From studying these other models, I realized we would face some major obstacles in creating our theoretical goal of a “common storytelling network.” In particular, to function in Alhambra, where roughly a quarter of households have no adult who speaks English well, multiple languages were needed. But how to create a hybrid site that is multilingual, and, of particular interest to me, how to do it with a full-time staff consisting only of myself?
Putting technology to work
To answer some of these questions the Alhambra Project hosted a “deep think” which brought together a select group of USC Web engineers and news innovators. The workshop led us to focus on how a news website could serve communities of interest across ethnic groups. Although it would, at times, be easier for me to just report and write the stories myself, another focus was making this a community project, and using digital tools as much as possible to encourage participation.
It was increasingly clear that we would not, at least initially, be able to translate all of the pages on the website. Automated machine translation, available through Google and other providers, has gotten to the point where meaning can be conveyed, but nuance is lost.
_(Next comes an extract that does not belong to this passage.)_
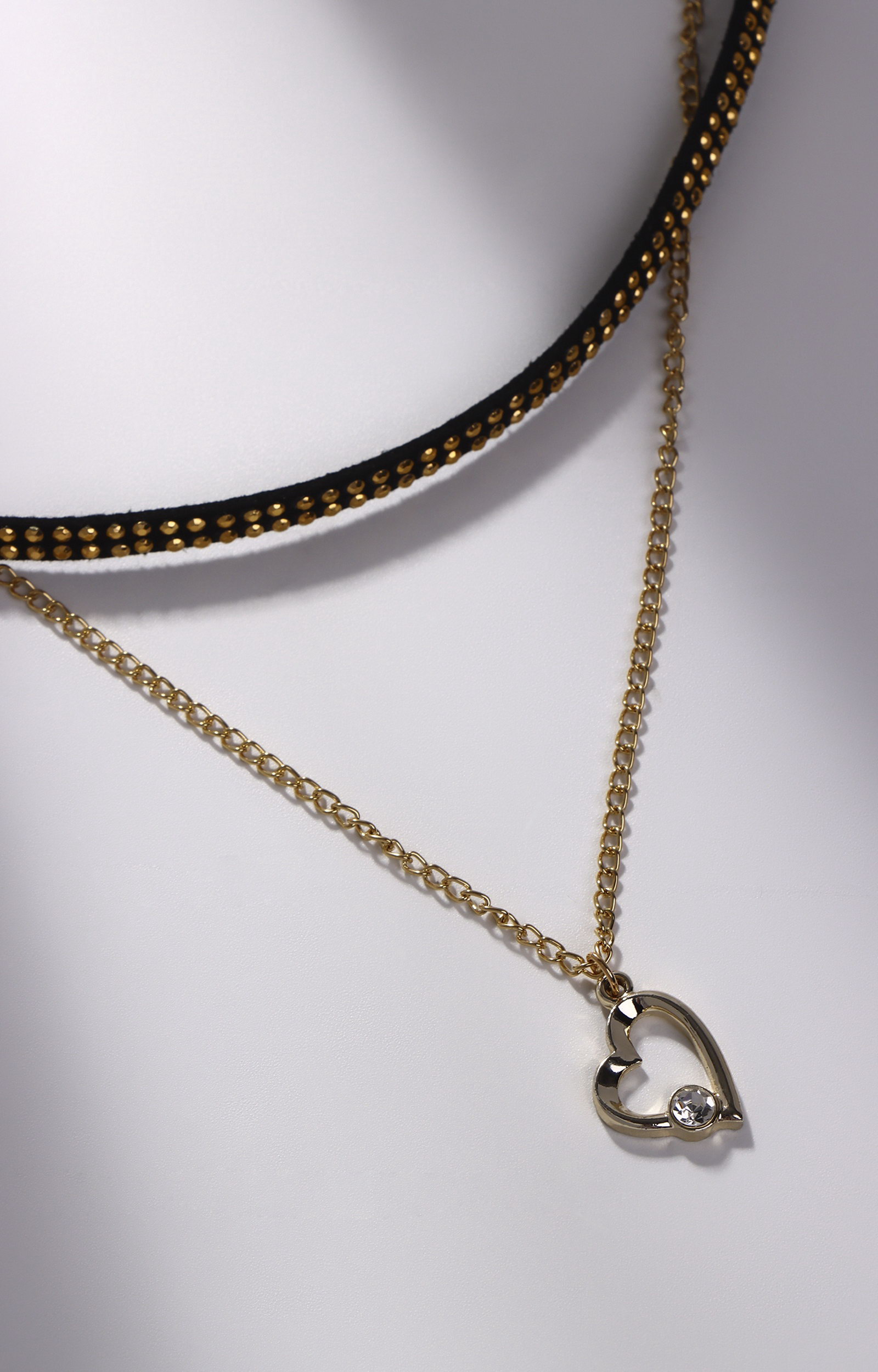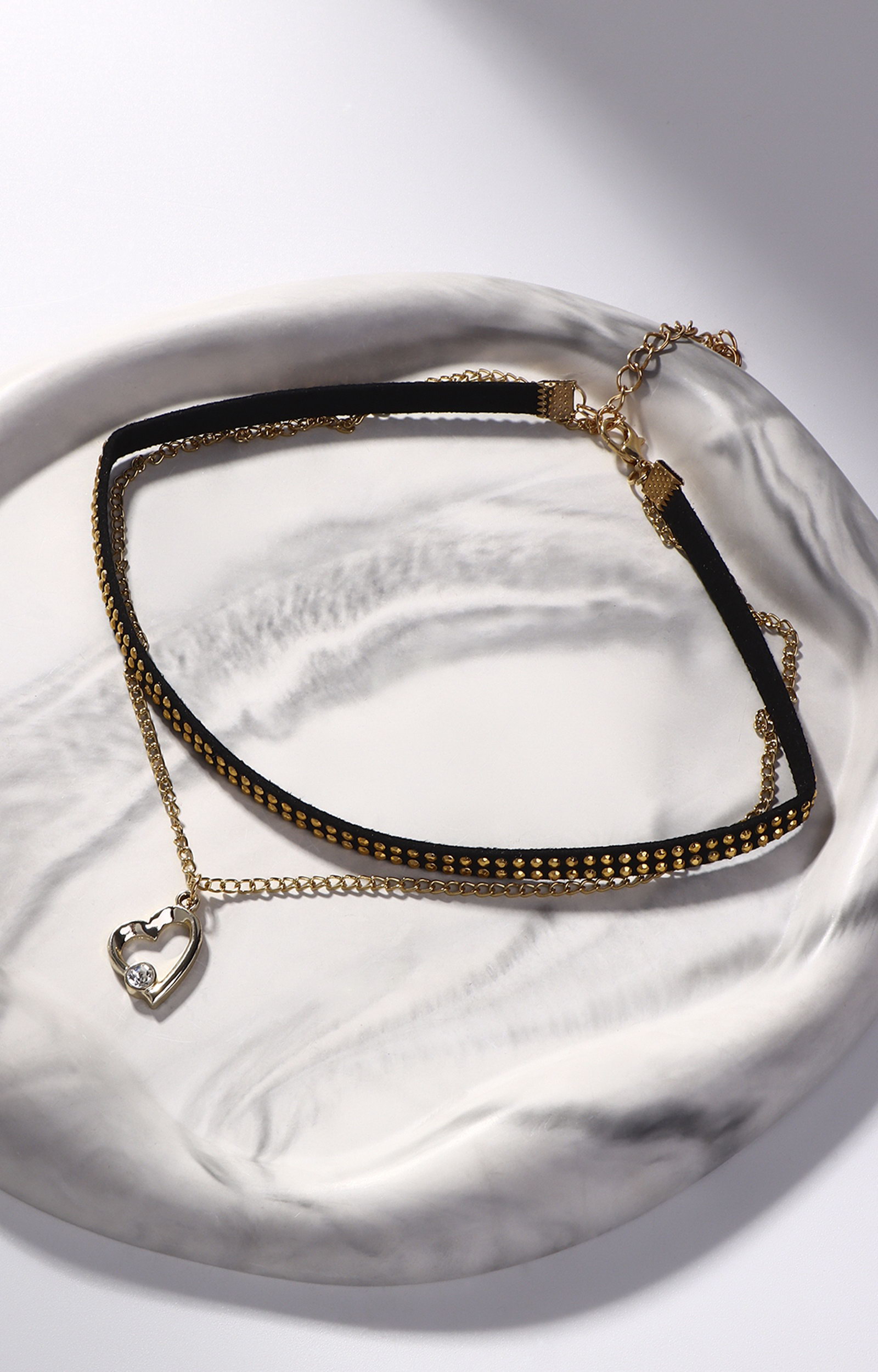 Чокер "Дуэт" сердце, цвет чёрно-золотой, L=30 см, 2x30x0.4 см., QF, Китай

We decided to translate static pages, such as those explaining the workings of the site, but at least in the initial stages, we would have to rely on automated translation, paired with a disclaimer, for the rest.
Even without being able to translate all stories into three languages, other linguistic methods to bridge community information sources appeared. As I met with government officials, I learned that almost none were reading what the relatively active Chinese media said about them. In the spirit of New America Media, one of the first elements we added to our site was a selected aggregation and translation of stories, at least half of which come from the ethnic media.
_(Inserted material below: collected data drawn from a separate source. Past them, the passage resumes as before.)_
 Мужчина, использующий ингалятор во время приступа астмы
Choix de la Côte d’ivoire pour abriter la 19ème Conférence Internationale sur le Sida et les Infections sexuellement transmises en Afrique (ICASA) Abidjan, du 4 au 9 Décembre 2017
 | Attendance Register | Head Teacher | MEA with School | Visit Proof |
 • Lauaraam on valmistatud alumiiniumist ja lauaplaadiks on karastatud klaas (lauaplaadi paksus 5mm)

Seeing the results on Main Street
Despite great effort on all sides, it took us a year to complete our multilingual site, the Alhambra Source. For me this has been a major source of frustration, but as we approached launch date I realized that perhaps it might have been to our advantage. We needed time to create a team of collaborators of both community members and students from a high school program that could inform site development and feel a real sense of ownership. A significant component of the communication research, as well, needed that time to come together. This fall, USC will be conducting a major study of civic engagement levels in Alhambra, with the intent of updating it in two years to see the effect of the news product.
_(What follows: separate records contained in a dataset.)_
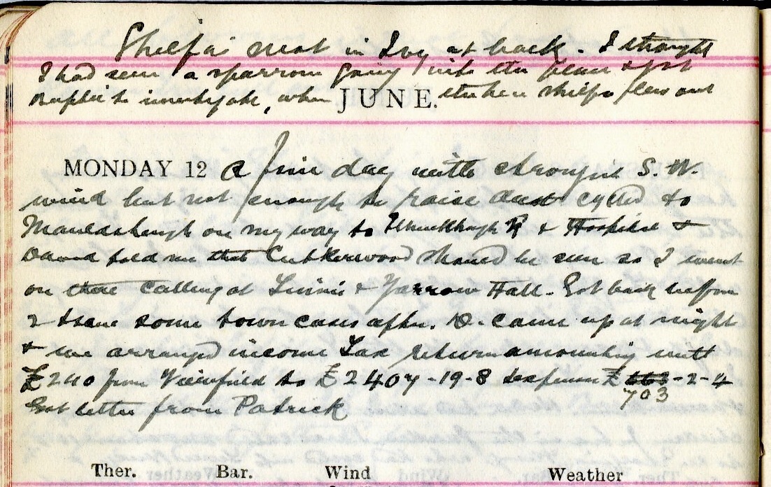 A fine day with strongish S.W. wind but not enough to raise dust. Cycled to Mauldsheugh on my way to Ettrickhaugh Road + Hospital + David3 told me that Cutkerwood should be seen so I went on there calling at Tinnis + Yarrow Hall4. Got back before 2 + saw some town cases after. D.3 came up at night + we arranged Income Tax returns amounting … £240 from Viewfield to £2407-19-8 [illegible] £663 703-2-45. Got letter from Patrick6.
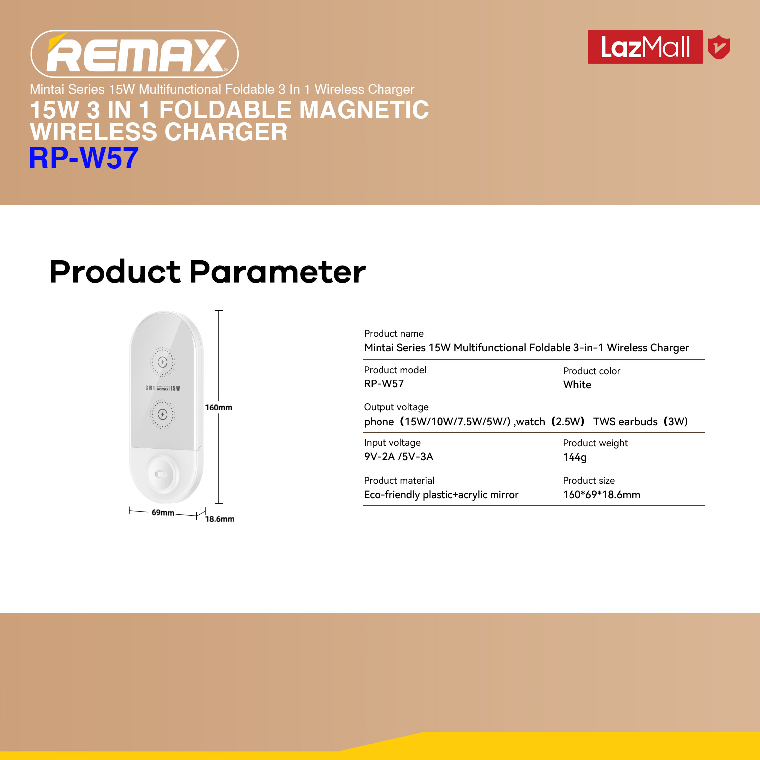[Remax Energy] RP-W57 Mintai Series 15W Multifunctional Foldable 3-In-1 Wireless Charger
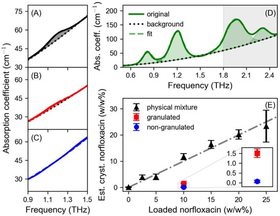 Then, the extracted peak parameters were kept as fixed properties and used to extract the amount of crystalline norfloxacin in the smartFilm tablets. For that, physical mixtures containing a known amount of crystalline norfloxacin (2.5, 5, 10, 15, 20 and 25 w/w%) were investigated with THz TDS to determine a scaling factor. The absorption coefficient was calculated analogously to the previous samples. In general, the usable spectral bandwidth is limited by the frequency-dependent dynamic range and signal-to-noise ratio of the THz signal [49,50]. All physical mixtures and smartFilm tablets had a larger thickness than the pure norfloxacin sample, leading to a greater absorbance and therefore limiting the frequency range, for which the absorption coefficient could be extracted. In order to ensure a consistent analysis of all samples, only the spectral range between 0.4 and 1.8 THz was analyzed. The frequency region that was not considered for the analysis of the physical mixtures and smartFilm tablets is marked as the grey shaded box in Figure 2D. Furthermore, only the first three absorption peaks of norfloxacin (Table 1) were considered in the analysis. Hence, the following fit function was applied to the absorption spectra:
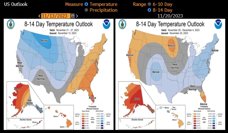 - The weather in the US is generally favorable – temperatures are expected to drop, but they won't be extremely cold, providing a chance that the "seasonal" peak for this year is already behind us. Of course, there's always the possibility of rallies in response to significant temperature drops in January and February
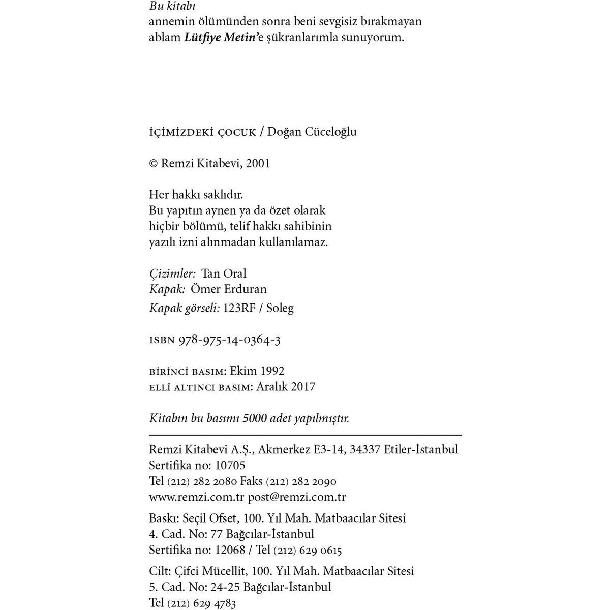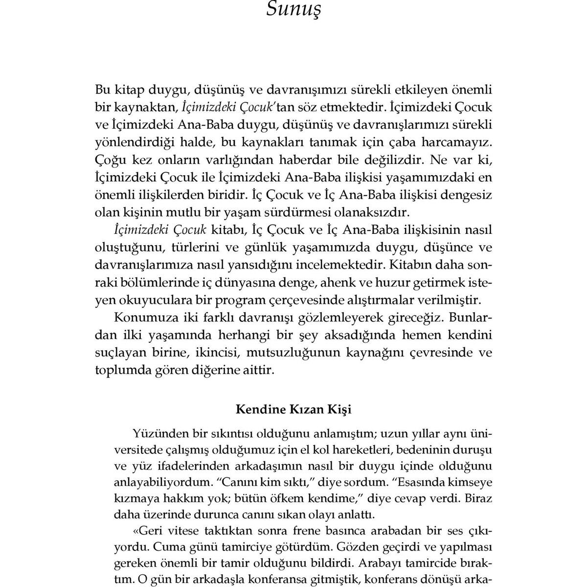 Remzi Kitabevi tarafından 254 sayfa olarak yayımlanan kitap, yalın anlatımı ile ön plana çıkıyor. Bireyin duygu ve düşünce dünyasının çevresel faktörler tarafından nasıl etkilendiğini ve kişilerin iç dünyalarının nasıl şekillendiğini konu alan kitap, sorunlarla başa çıkmada kullanılacak yöntemlere değiniyor. Olgunlaşmanın bedenen değil; ruhen gerçekleştiğini ifade eden İçimizdeki Çocuk kitabı, büyümenin yalnızca fiziksel olarak ele alınmaması gerektiği vurgusunu yapıyor. İçimizdeki çocuğu geliştirirken dış etkenlerin varlığını hesaba katmamızın önemli olduğunu belirten yazar, kişilerin bu konuda kendilerini objektif olarak sorgulamaları gerektiğini ifade ediyor.

On a recent Saturday evening, I was very encouraged to hear what Kerrie Gutierrez, a mother of five who has gone back to school to complete her bachelor’s degree, had to say. We were at an outdoor festival on Main Street Alhambra, when the founding community contributor for the Source approached a woman holding an infant. Using an iPad from USC Annenberg, Gutierrez showed the woman a story on Alhambra artist Yolanda Gonzalez. “I wrote that article,” she told the woman, “and I’m not a journalist.”
She then explained the collection of stories, including one about how Alhambra had recently canceled its elections for the first time ever because no challengers had stepped up to run against five incumbents. Other stories, Gutierrez said, had been translated from Chinese, and soon most local news and events would be there, in whatever language was necessary. The woman nodded enthusiastically about the prospect of this website, and signed her name to subscribe to our mailing list.
Until that moment, so much of the site had been theoretical, even if it was well-researched theory. But when Kerrie Gutierrez explained the Alhambra Source, I began to see how this type of journalism initiative could affect lives in this community. The site is just barely launched, and even I’ve been surprised how exciting it is to watch the site begin to develop and take on a life of its own.